Data items
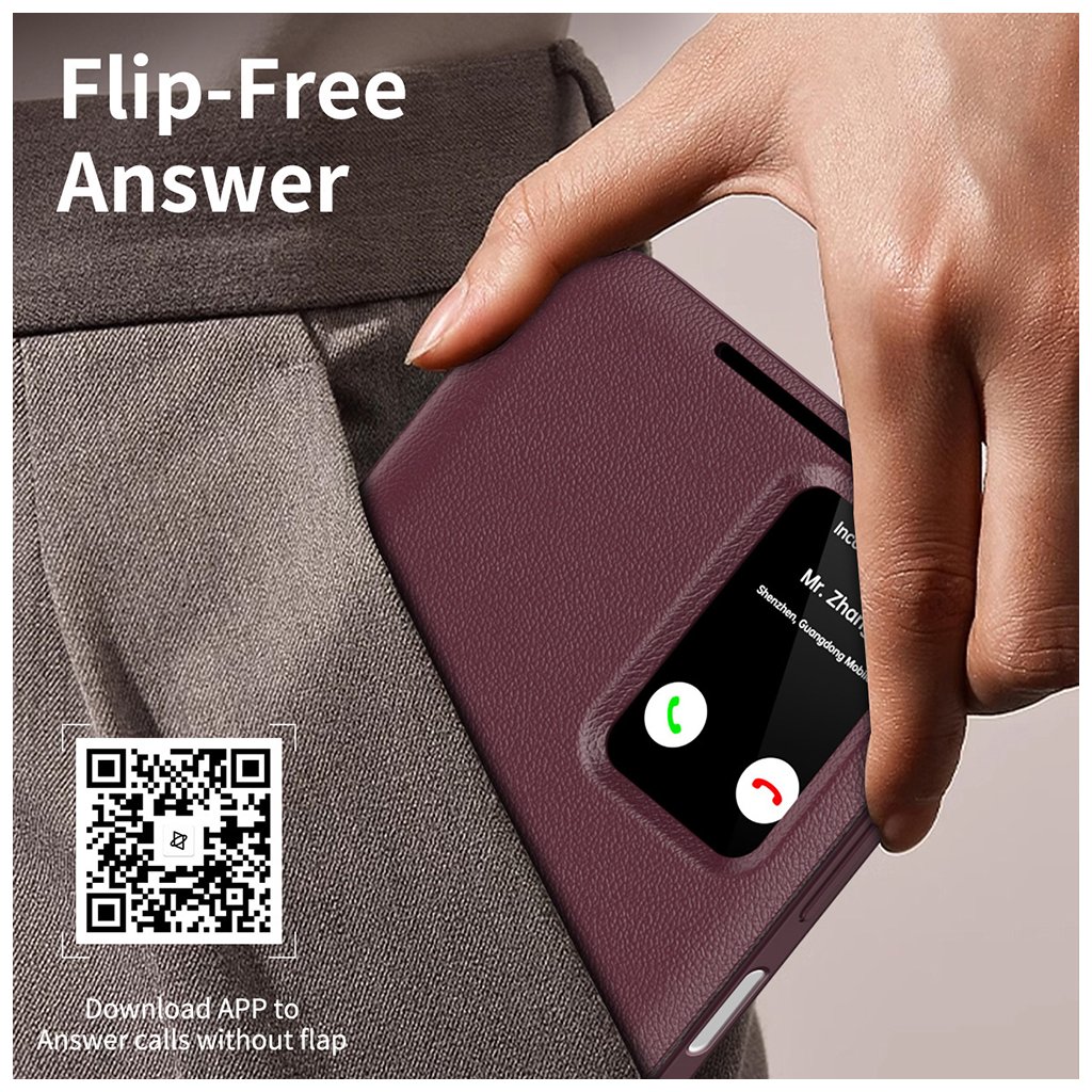 Puzdro typu "flip" je vyrobené z materiálu s jemnou, textúrovanou povrchovou úpravou, ktorá pripomína kožu, čo dodáva vášmu zariadeniu luxusný vzhľad a príjemný pocit na dotyk. Jeho hlavnou prednosťou je priehľadné okienko na prednej strane, ktoré umožňuje rýchly prístup k dôležitým informáciám bez nutnosti otvárania puzdra.
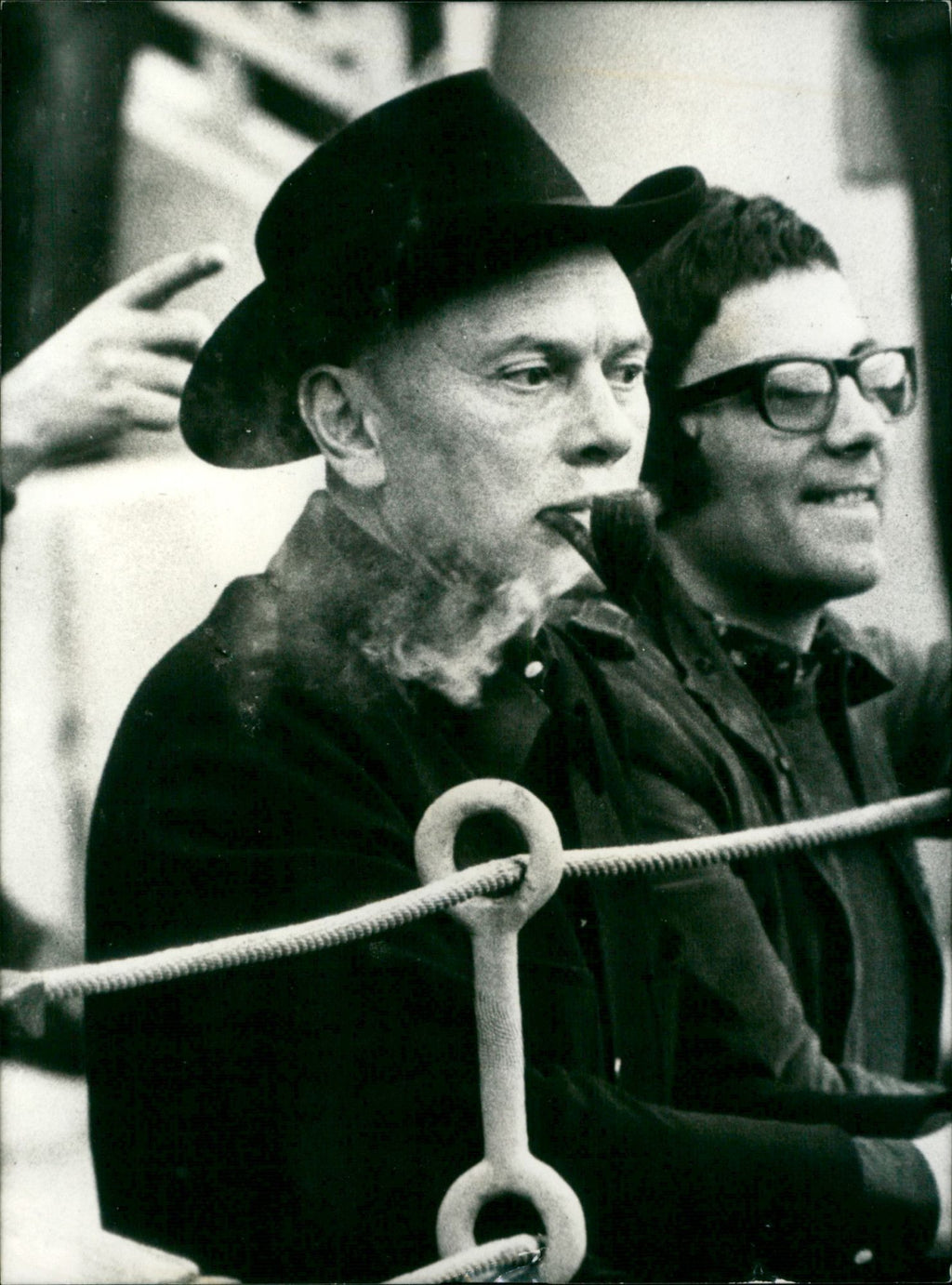 Yul Brynner wearing a black hat and puffing contentedly at his pipe. Yul Brynner wearing a black hat and puffing contentedly at his pipe.
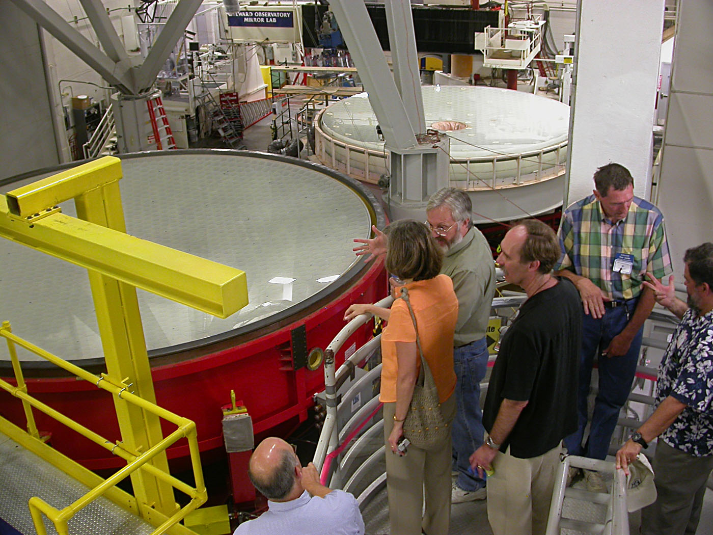Astronomers look over two new mirrors at the Steward Observatory Mirror Lab in Tucson. The one to the left with the red rim is the second 8.4 meter honeycomb glass mirror for the Large Binocular Telescope (LBT). To the right is a smaller 6.4 meter mirror for Lockheed Corporation. For reference the Palomar Telescope in California has a 5-meter mirror (200 inches). |
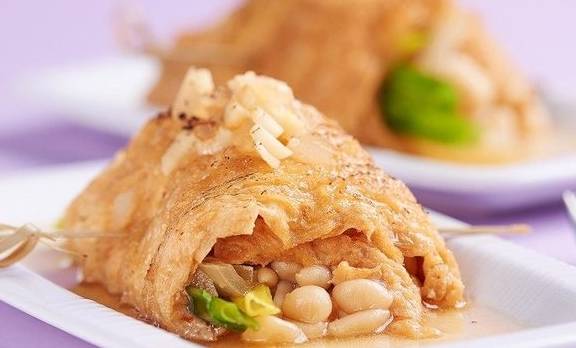 PS:如担心豆包卷在煎煮时会鬆散开,可利用竹籤串起再煎,摆盘时再取出即可。
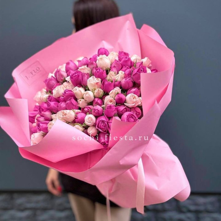 Двухцветные и жёлтые сорта иногда доступны под предзаказ. Пионовидные розы — под свадьбы и никахи, с предзаказом за 7-10 дней. Кустовые — в авторских работах, реже в моно-букетах.
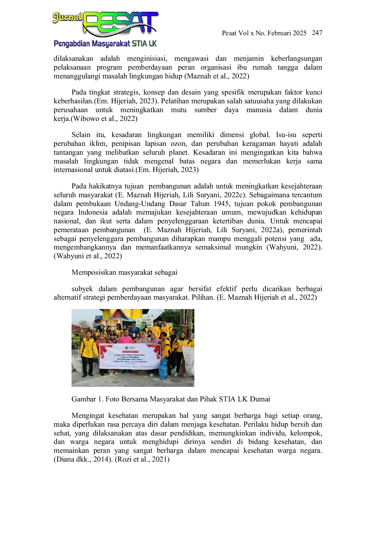 Jurnal Pengabdian Masyarakat STIA LK (PESAT)Jurnal Pengabdian Masyarakat STIA LK (PESAT)Kesadaran akan pentingnya kebersihan lingkungan merupakan salah satu aspek yang perlu ditanamkan sejak dini kepada masyarakat. Lembaga pendidikan memiliki peran yang sangat strategis dalam mengedukasi dan meningkatkan kesadaran masyarakat terhadap pentingnya kebersihan lingkungan. Dengan adanya program-program yang terstruktur dan berkelanjutan, diharapkan lembaga pendidikan dapat menjadi agen perubahan dalam menciptakan lingkungan yang lebih bersih dan sehat di kelurahan. Lembaga pendidikan, sebagai pusat pembelajaran dan pengembangan kepribadian, memainkan peran penting dalam menciptakan kesadaran tentang kebersihan lingkungan. Lembaga pendidikan dapat menanamkan nilai-nilai kebersihan dan lingkungan sejak usia dini melalui berbagai program dan kegiatan kepedulian pendidikan. Dengan berpartisipasi aktif dalam kampanye pembersihan lingkungan, lembaga pendidikan diharapkan dapat menumbuhkan generasi muda yang menghargai lingkungan dan bertanggung jawab. Daerah seringkali mempunyai berbagai masalah kebersihan yang memerlukan perhatian khusus. Permasalahan ini dapat diatasi dengan pendekatan yang melibatkan seluruh elemen masyarakat, termasuk lembaga pendidikan. Oleh karena itu, kerja sama antara lembaga pendidikan dan masyarakat setempat sangat penting untuk menciptakan lingkungan yang bersih dan sehat.
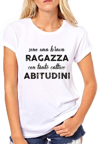 Puzzletee Tshirt Divertente Donna Sono Una Brava Ragazza Con Tante Cattive Abitudini Magliette Donna Divertenti Amazon It Abbigliamento
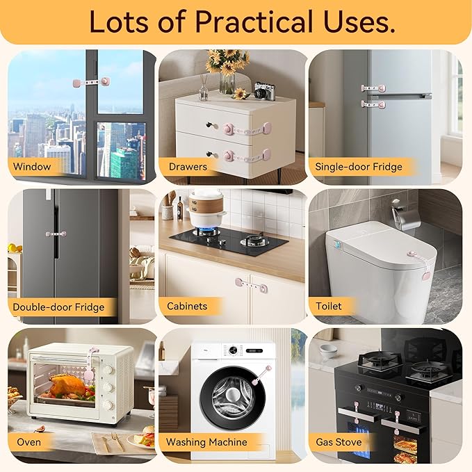 - Complete Baby-Proofing Solution: We specialize in high-quality baby-proofing-Trusted Child Safety Brand—cabinet locks, fridge locks, Toilets Locks, and more. ensure your toddler grows up safe and happy .From kitchens to bathrooms , ✔️ Drawers (knives, utensils) ✔️ Fridges (food, chemicals) ✔️ Toilets (drowning risk) ✔️ Ovens & dishwashers (burns)
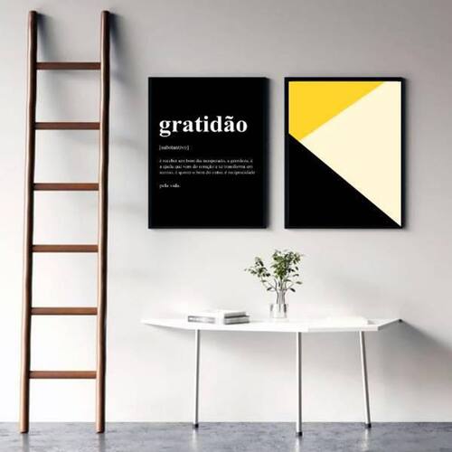 Kit 2 Quadros Gratidão Amarelo E Preto 24X18Cm Moldura: madeira preta Informações do produto: decoração para quarto, sala, cozinha, escritório, área gourmet e muito mais. Chega de paredes vazias Medidas - cada peça tem 24x18cm a5 . Material do papel - papel fotográfico brilhante de altíssima resolução acabamento - todos os quadros são acompanhados de uma película de acetato para proteção da imagem. - moldura em madeira maciça na cor preta e pendurador móvel que pode ser retirado facilmente caso deseje fixar com fita dupla face. - os quadros são embalados de forma segura com plástico bolha com camada dupla de acordo com o tamanho dos quadros. - de 3 meses Meu quadro chegou. Como posso fixá-lo Você precisa apenas de um martelo e um prego, pois os quadros já vão acompanhados de penduradores. Esta é a forma mais indicada. Caso prefira, você pode utilizar uma fita dupla face neste caso, sugerimos de alta qualidade para evitar que descole e seu quadro caia . Como posso limpar meu quadro A limpeza é feita como um móvel comum da sua casa. Apenas um pano seco ou espanador são suficientes para tal Ean: 7892091102120
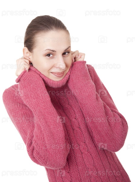Портрет молодой девушки на белом фоне
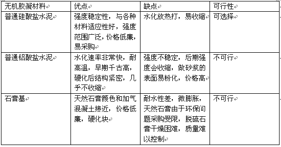 按比例準(zhǔn)確計量稱取各種原材料,在攪拌機中依 次加入填料砂、無機膠凝材料、礦物填料和外加劑充分 攪拌均勻,形成低密度蒸壓加氣混凝土專用修補劑。施 工時,按照水:修補劑為1:3的比例混合,攪拌3~5 min后使用,操作時間控制在2 h以內(nèi)。 3結(jié)果與討論 3.1無機膠凝材料的選擇 對各種無機膠凝材料優(yōu)缺點進(jìn)行了分析,見表1。
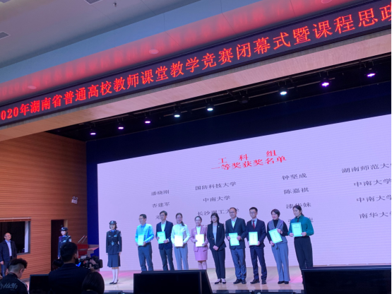2020年10月31日, 2020年湖南省普通高校教师课堂教学竞赛现场决赛在湖南警察学院落下帷幕,我校衡阳医学院《病理生理》课彭娟老师获理科组一等奖,资源环境与安全工程学院城市地下工程系《结构力学》课张楚旋老师获工科组一等奖,两位获奖教师同时获得湖南省普通高校教学能手荣誉称号。我校被授予优秀组织奖。
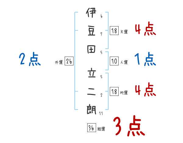 総運![]() | 伊豆田立二朗さんの総運は36画の3つ星!先見性が豊かです。多少神経質で苦労することも。 あなたの人生を表す1番重要な運勢です。生涯を通じて影響する総合運となり、主に50歳以降の晩年期に影響を及ぼします。 |
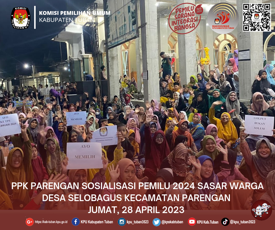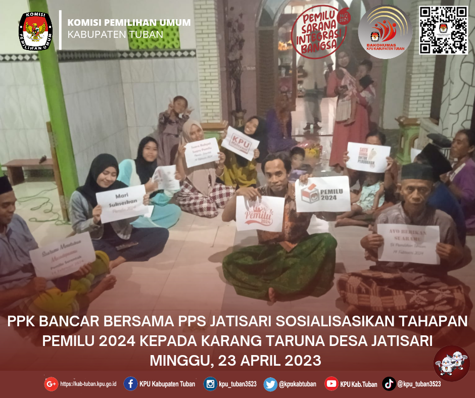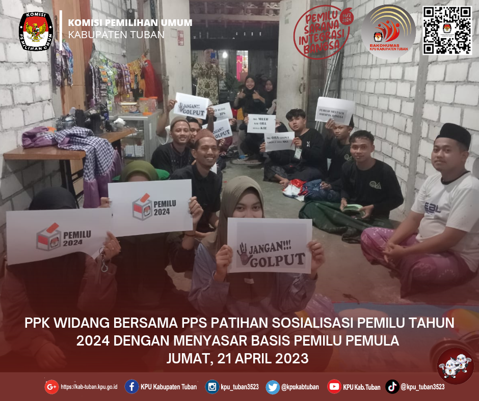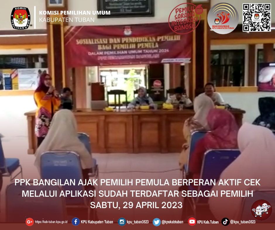 Tuban, kab-tuban.kpu.go.id - Sabtu (29/04/2023), dalam rangka memberikan pemahaman dan informasi kepada Pemilih Pemula untuk menggunakan hak pilihnya pada Pemilu dan Pemilihan Serentak tahun 2024, Panitia Pemilihan Kecamatan (PPK) Bangilan menyelenggrakan Sosialisasi dan Pendidikan Pemilih bagi Pemilih Pemula. Kegiatan yang dilaksanakan di Pendopo Kecamatan Bangilan tersebut diikuti oleh 60 peserta yang terdiri dari unsur pelajar dan aktivis organisasi kepemudaan yang notabenenya sebagai Pemilih Pemula. Divisi Sosdiklih, Parmas dan SDM PPK Kecamatan Bangilan, Sutingah menyampaikan kepada Pemilih Pemula untuk memastikan sudah terdaftar sebagai Pemilih dengan cek secara online melalui link https://cekdptonline.kpu.go.id/ atau manual pada Daftar Pemilih Sementara (DPS) yang diumumkan di wilayah masing-masing. Bagi Pemilih yang sudah memenuhi syarat namun belum masuk di DPS dapat menghubungi Penyelenggara ditingkat desa. Selama materi sosialisasi disampaikan peserta tampak antusias, hal ini ditunjukkan dengan adanya diskusi dan tanya jawab disela-sela sosialisasi berlangsung. Turut hadir juga Panwascam Bangilan, Ahmad Heru Wahyudi yang mengingatkan kepada Pemilih tentang pencegahan money politic. Dengan adanya sinergitas antar Penyelenggara dalam memberikan sosialisasi diharapkan dapat meningkatkan partisipasi masyarakat untuk menggunakan hak pilih serta mencegah terjadinya pelanggaran pada Pemilu 2024. (suti/humas)
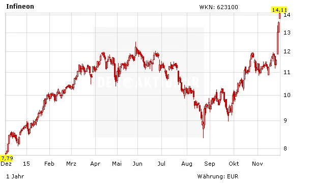 Bereits in der Vorwoche hatten zahlreiche Analysten ihre Bewertungen für den deutschen Chiphersteller angepasst, nachdem Infineon erfreuliche Geschäftszahlen und einen optimistischen Ausblick präsentiert hatte. Anschließend war die Infineon-Aktie innerhalb von nur zwei Tagen um mehr als 17 Prozent nach oben geschossen.
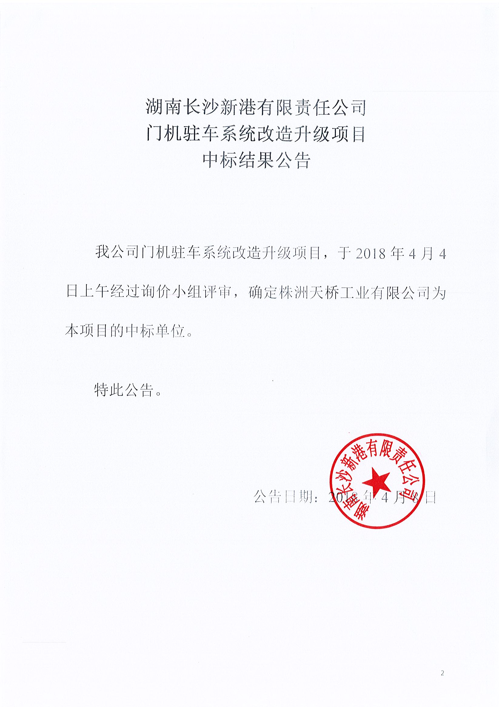 湖南長沙新港有限責(zé)任公司 門機(jī)駐車系統(tǒng)改造升級項(xiàng)目中標(biāo)結(jié)果公告

:: Work order ::
Reproduce exactly, with no pictures, the lines above from the one holding "Astronomers look over" to the one holding "PS:如担心豆包卷在煎煮时会鬆散开,可利用竹籤串起再煎,摆盘时再取出即可。", inclusive.

:: Solution for this task ::
Astronomers look over two new mirrors at the Steward Observatory Mirror Lab in Tucson. The one to the left with the red rim is the second 8.4 meter honeycomb glass mirror for the Large Binocular Telescope (LBT). To the right is a smaller 6.4 meter mirror for Lockheed Corporation. For reference the Palomar Telescope in California has a 5-meter mirror (200 inches). |
 PS:如担心豆包卷在煎煮时会鬆散开,可利用竹籤串起再煎,摆盘时再取出即可。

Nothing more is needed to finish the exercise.